Кот умел ждать, по-мужски по-своему был мудр, умел терпеть, как все живое, рожденное природой и не избалованное ею. Уже недолго было: холодели, чернели и удлинились ночи, обильнее падала жемчужная серая роса, горели напряженнее звезды, и ярче обозначилась великая река жизни, почти не видная людям и оттого не осознаваемая ими. Ревели в болотах последние лоси-быки, с топотом сшибались лопастыми рогами, и, слушая их сопение, урчание, рокочущий рев и вздохи, кот тянул лапы, всаживал когти в жесткую плоть коры, напрягался до стона.
«Нет хуже беды, чем маленький человек на большом посту».

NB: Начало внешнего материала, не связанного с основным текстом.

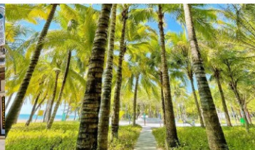
ทางเดินมะพร้าว
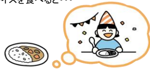
保育園の誕生日会を思い出す
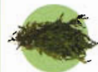
Végétaux : herbe, feuilles, branches...
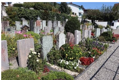
Evangelischer Friedhof Balgach Grabesruhe: 20 Jahre
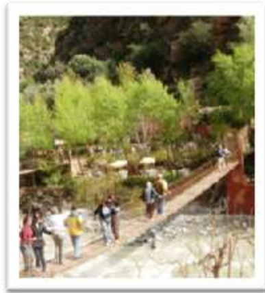
מעבר על הגשר מעל הנחל

לאחר כשעתיים וחצי של הליכה מאומצת ותוך סכנה ממשית (לא ניתן היה לבקש עזרה כי לא הייתה קליטה בהרים לטלפונים הסלולאריים), ותוך כעס עצום, הגענו לגשר המדובר. אך על כך אומרים חכמינו: "מה שלא הורג מחשל".
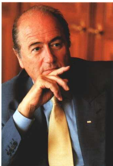
Joseph S. Blatter, FIFA President

Neither should we fail to mention another name in connection with this memorable project. As a member of the FIFA Executive Committee and President of
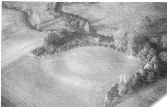
Fig. 3 : Plate-forme de la maison forte de Champfort.

puisque la part de Catherine tomba successivement entre les mains de sa petite fille Jeanne de Villersexel, puis dans celles de la fille de Jeanne, Claude de Bauffremont 31 .
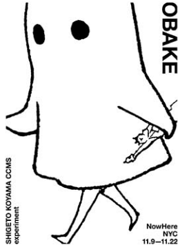
NowHere NYC 11.9-11.22
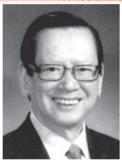
永遠名譽顧問、中國僑聯副主席 陳有德博士
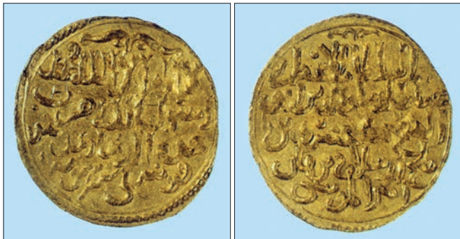
III. Keyhusrev adına basılan altın sikke (Yapı ve Kredi Bankası koleksiyonu, nr. 9632)

I. Gıyâseddin Keyhusrev ölünce (608/1211) devlet erkânı Konya'da toplanarak sultanın en büyük oğlu olduğu için Malatya Meliki İzzeddin Keykâvus'un Selçuklu tahtına çıkarılmasına karar verdi ve Kayseri'ye gelmesi için kendisine ulak gönderdi. Keykâvus Sivas - Kayseri arasındaki Gedük'te (Şarkışla) karşılandı. Biat, yas ve tahta çıkma törenleri Kayseri'de yapıldı. Ancak Kayseri'den Konya'ya hareket edileceği sırada sultanın kardeşi Tokat Meliki Alâeddin Keykubad'ın saltanat davasıyla ortaya çıktığı ve şehre doğru gelmekte olduğu haber alındı. Alâeddin Keykubad şehri kuşattı, çok geçmeden Erzurum Meliki Mugisüddin Tuğrul Şah ile Ermeni Kralı II. Leon da kuşatmaya katıldı. Meselelerin savaşıla halledilemeyeceğini anlayan devlet adamları diplomatik yola başvurular. Kayseri subaşı Celâeddin Kayser para ve değerli hediyelerle Ermeni Kralı II. Leon'a gönderildi. Celâeddin, Leon'a geri döndüğü takdirde kendisine 1200 müd tahıl verileceğini, işgal ettiği Luluva (Ulukışla), Ereğli ve Lârende'nin de (Karaman) ona ait olacağını bildirdi. Leon bu teklifi kabul edip ülkesine döndü. Eyyübî Hükümdarı el-Melikü'l-Eşref'in Keykâvus tarafından yardıma çağrıldığını duyan Tuğrul Şah da gizlice Erzurum'un yolunu
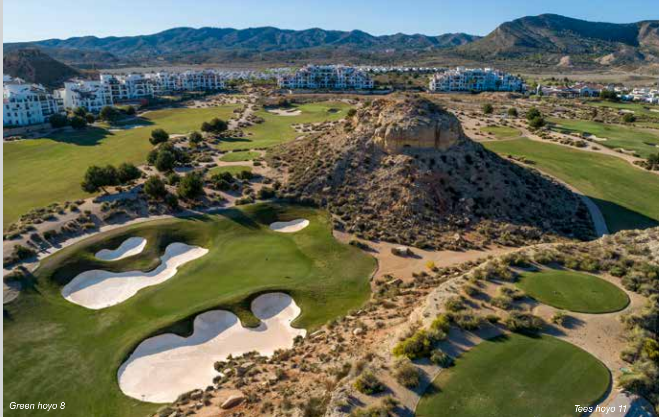
Green hoyo 8
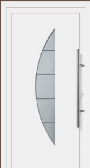
Modell Tiara Aluminium-Füllung Weiß RAL 9016 mit Isolier-Glas: außen Float klar innen Parsol grau sandgestrahlt mit klaren Streifen Edelstahlgriff 214

Die 1-flügeligen Türen erhalten Sie bis max. 1150 x 2250 mm. Auf Wunsch fertigen wir auch Anlagen für Sie mit Seitenteil, Oberlicht, Briefkasten und individueller Gestaltung. Die Lieferzeit beträgt ca. 24 Werktage.
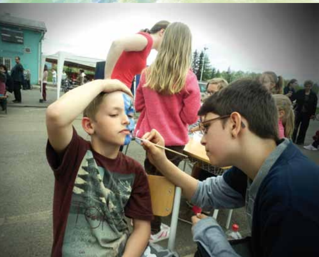
Vitaj leto – maľovanie na tvár 2013
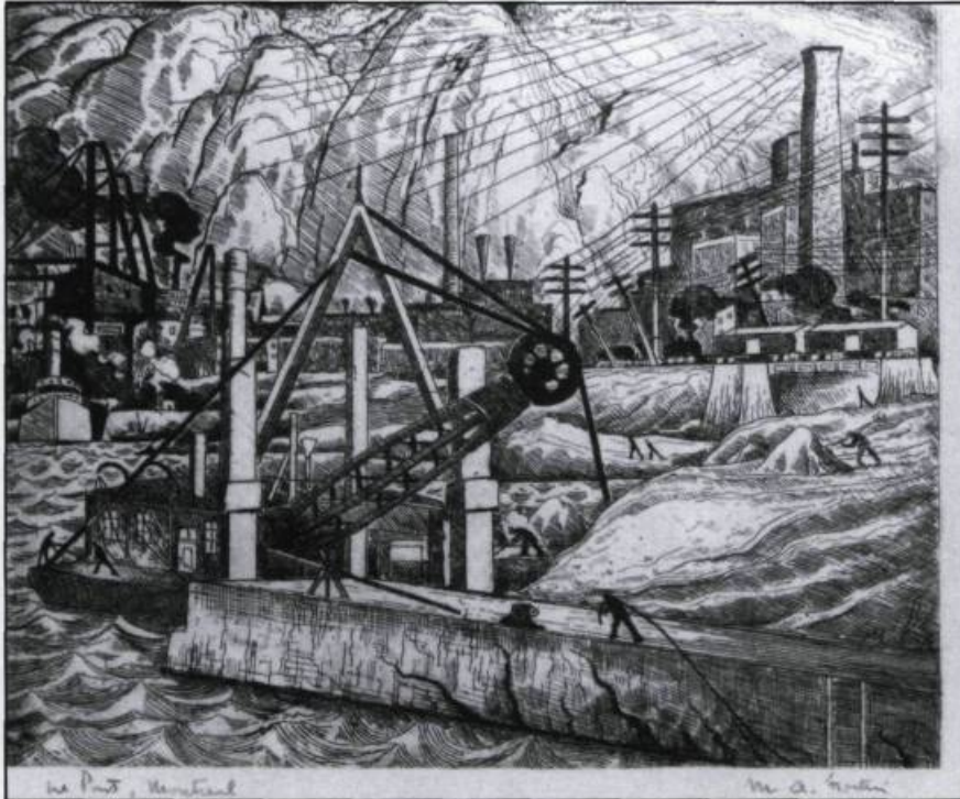
«Le Port, Montréal». Eau-forte et pointe sèche par Marc-Aurèle Fortin.
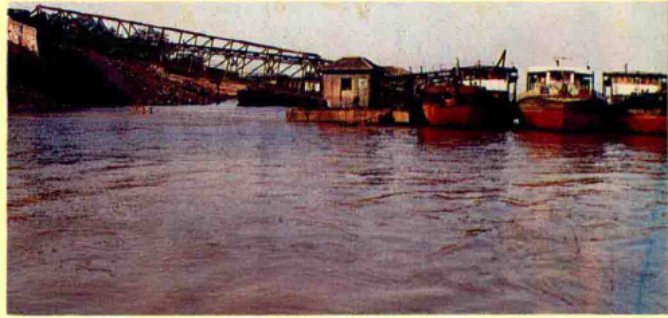
丰城龙头山煤运码头
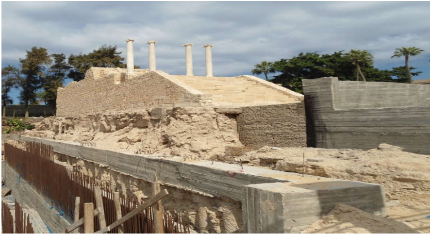
شكل ( ٢ ) المعبد يقف علي مصطبة مرتفعة.
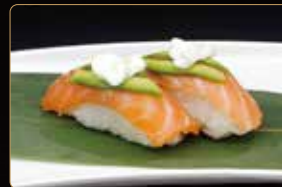
177. SAKE PLUS salmone avocado e phialdelfia € 3,50
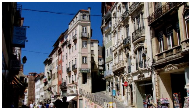
22 - Coimbra

Continuiamo per la centrale Rua Visconde Luz: sulla destra, scendendo una scalinata, si incontra Sao Tiago, una raccolta chiesetta romanica con un ricco portale. Prima di salire verso la cattedrale e la collinetta dell'università, arriviamo fino a piazza del Commercio e poi ci addentriamo lungo i caratteristici vicoletti vicino al fiume. Entriamo nella parte alta della città attraversando l'arco di Almedina, e di lì a poco raggiungiamo la cattedrale Sé Velha, una
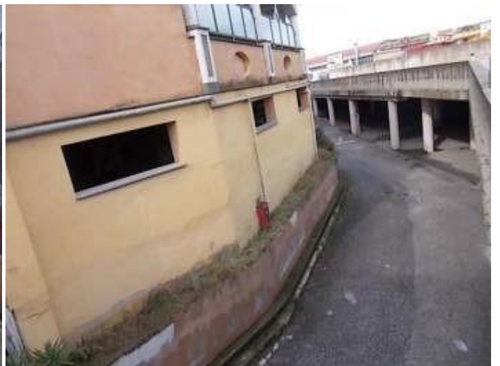
rampa di accesso al parcheggio coperto ed ai locali di servizio
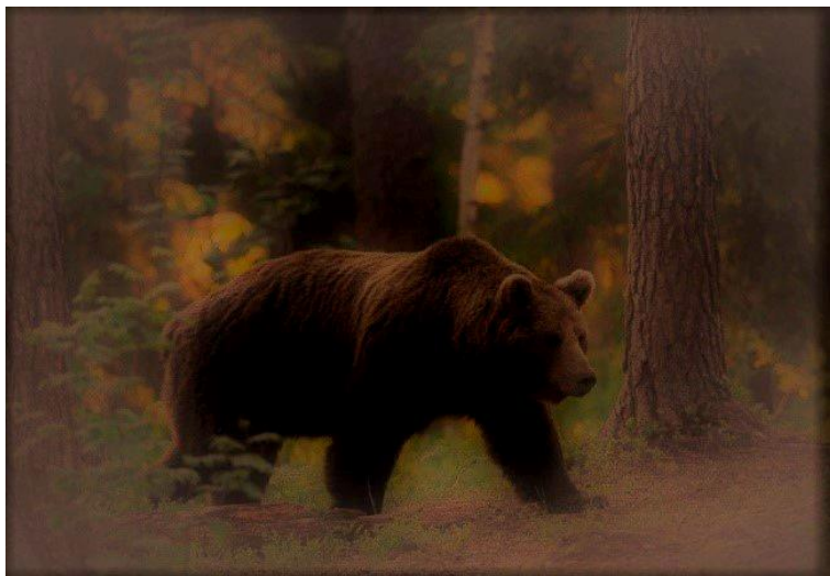
Magányos medve óvatosan lopakodik a Toldi kunyhóhoz

Pissz! Maradj csendben! A fenevad érzi, hogy bent vagyunk. – suttogta, miközben ő is egyfolytában remegett.
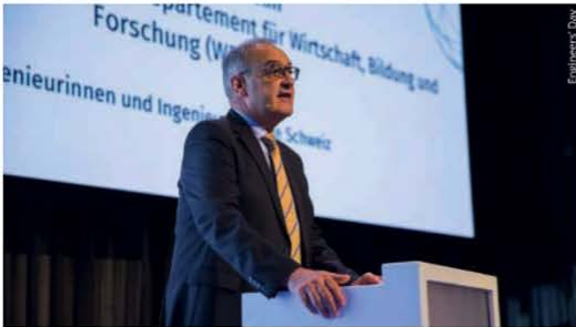
Bundesrat Guy Parmelin am Netzwerkevent des Auftakt-Engineers'-Day am 17. Februar.

Ohne Ingenieurinnen und Ingenieure kein Handy, kein Zug, Tram oder Auto, keine Gebäude, keine Stromversorgung und kein Office – ob zu Hause oder physisch im Büro. Ingenieurinnen und Ingenieure leisten für den Wohlstand der Schweiz einen essenziellen Beitrag. Davon konnten sich die Besucherinnen und Besucher des Engineers' Day 2022 am 4. März selbst ein Bild machen, virtuell in 19 Workshops und Webinaren oder vor Ort in Städten in allen drei Landesteilen.
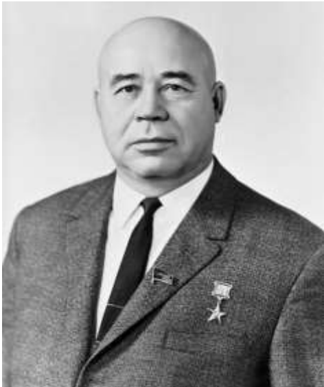
ПЕТРО ШЕЛЕСТ (1908-1996)

Перший секретар ЦК КПУ (1963-1972) «Україно наша Радянська» (1970)
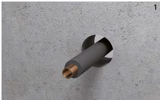
Rohrleitung mit Dämmung installieren.
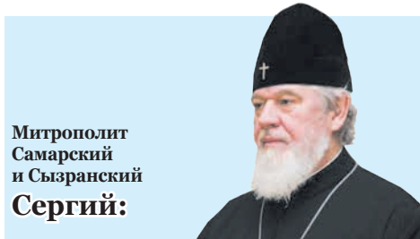
Митрополит Самарский и Сызранский Сергий:
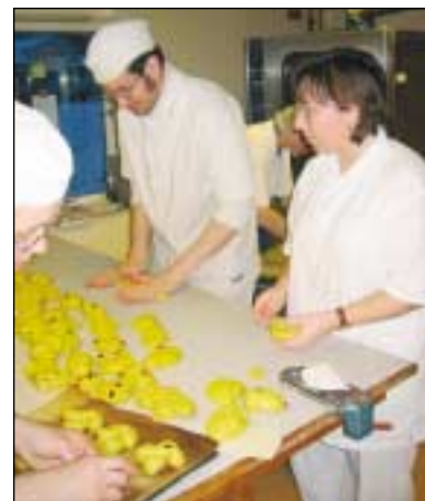
Her bakes Lussekatter til torgdag i byen.
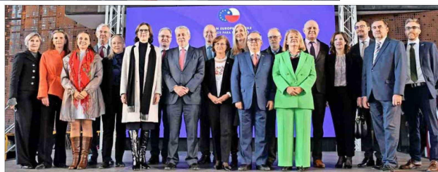
La embajadora de la Unión Europea en Chile y el ministro de Relaciones Exteriores junto a embajadores de los Estados miembros de la Unión Europea.
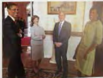
С избранным президентом Бараклом Обамой и его женой Мишель в Голубой комнате в День инаугурации, 2009 г.
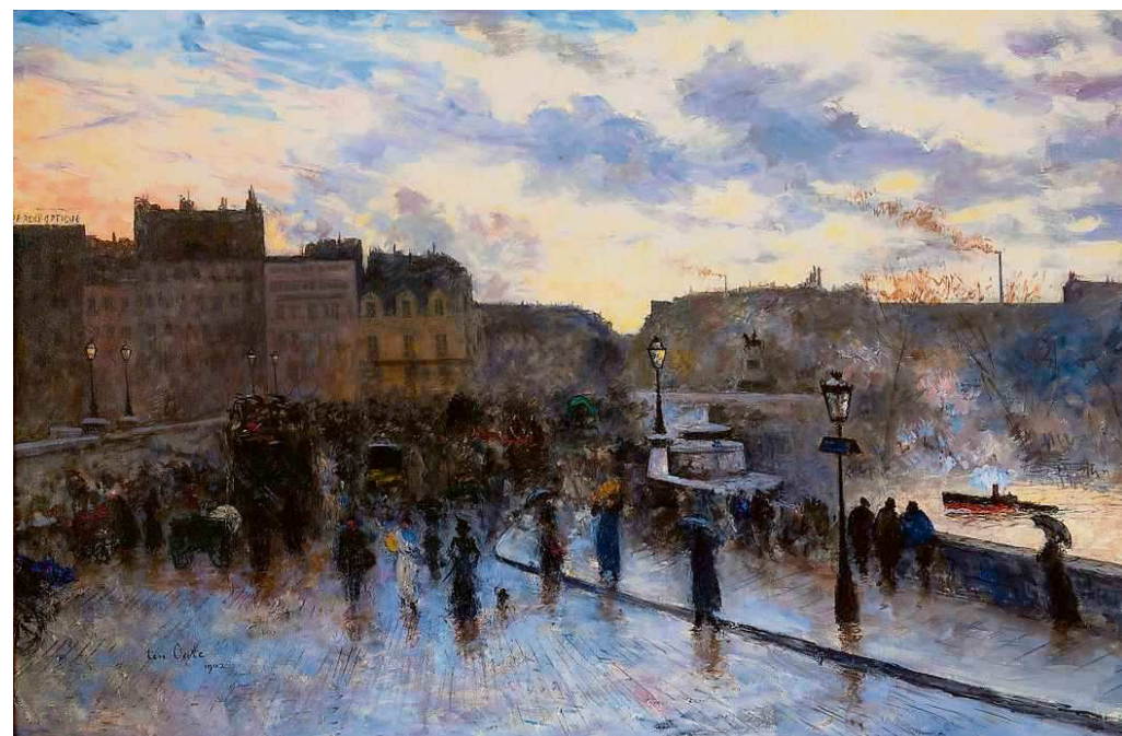
Siebe ten Cate en de reizen die hij maakte. Rechts: het olieverfschilderij Le Pont Neuf dat hij schilderde in 1902. Foto's: Siebe ten Cate Stichting/ Gert-Jan Veenstra (illustratie)
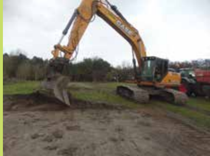
Plaggen in Open Duinen ikv PAS

'snoei hoogstamfruitbomen'. De WCL en de SLZ projecten kregen later een vervolg via het Nationaal landschap in meer gebieden in Zeeland. Er werden ook kleine cultuurhistorische elementen opgeknapt zoals bakkeetjes, varkenshokken en toegangshekken.
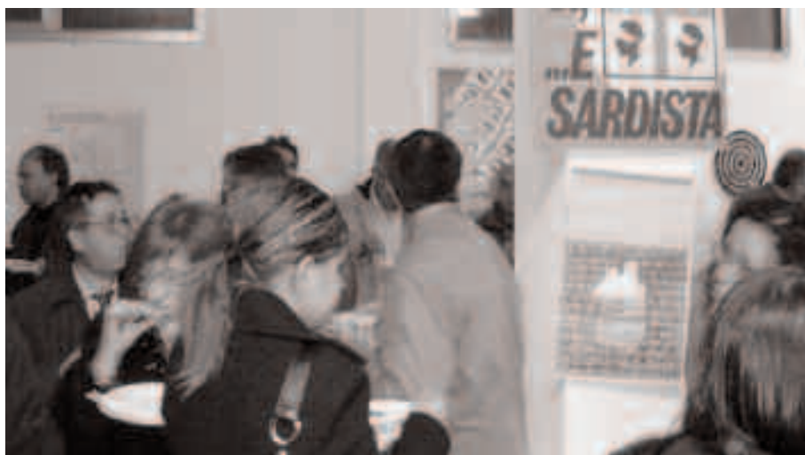
Il rinfresco dopo l'inaugurazione

Sfodera subito l'armamentario ideologico per le grandi occasioni, is botinus 'e certai , parlando di sovranità e di indipendenza, salvo ripie-

Утро за рамой окна было звонкое, плотно холодное, и плотные тени от здания главка занимали весь сквер, тянулись через дорогу, трава в тени была заиндевелой, голубой и жесткой, покорно ждала оттаивания. Оттуда, из-за окна, шел как будто спокойный, непрестанный звон, — шум, начинающий новый день, новое утро, шел там свежо и бодро, а здесь, по иную сторону окна, у человека, приткнувшегося животом к подоконнику и к рубчатому горячему верху радиатора, стояла тяжелая похмельная изжога, сжимало сердце, и болело везде, куда ни прислушаешься: в голове, там, где темя, и там, где виски, и ниже затылка, давило в груди под ложечкой и в подреберье справа, и в спине, там, где почки, и ниже, в крестце, и в коленях, в суставах ступней, — везде ощущалась боль и тягота, — читатель понимающий, надеюсь, не усмехнется. Тяжело было хмурому медвежковатому, с большим лбом, с широко раздвинутыми недоверчивыми глазами полнеющему человеку, — давно уж махнул на эту неизбываемую свою полноту, — что с ней сделаешь, не бегать же в самом деле дуром, с утра пораньше, как бегает под окном его квартиры некто седовласый, трясет идиотской, с хвостиком, шапочкой. Как всегда бывает в таких случаях, человеку у окна хотелось не то пить, не то дохнуть бы свежим воздухом, авось, прошло бы, откатилось… — и, ощущая это желание, вяло, неосознанно он подергал раму за медную закрашенную ручку. Створка не поддалась, и тогда он, морщась и хмурясь, отщелкнул с натугой тоже медный большой затвор снизу и снова подергал, но рама оказалась запертой еще и на верхний затвор-шпингалет, и человек у окна, посмотрев туда, как бы молясь на этот шпингалет, нетерпеливо обернулся. Кажется, он хотел позвать секретаршу, кажется, даже подумал об этом сквозь дурноту. Он чувствовал, что сделал бы именно так — позвал бы, но… не сейчас.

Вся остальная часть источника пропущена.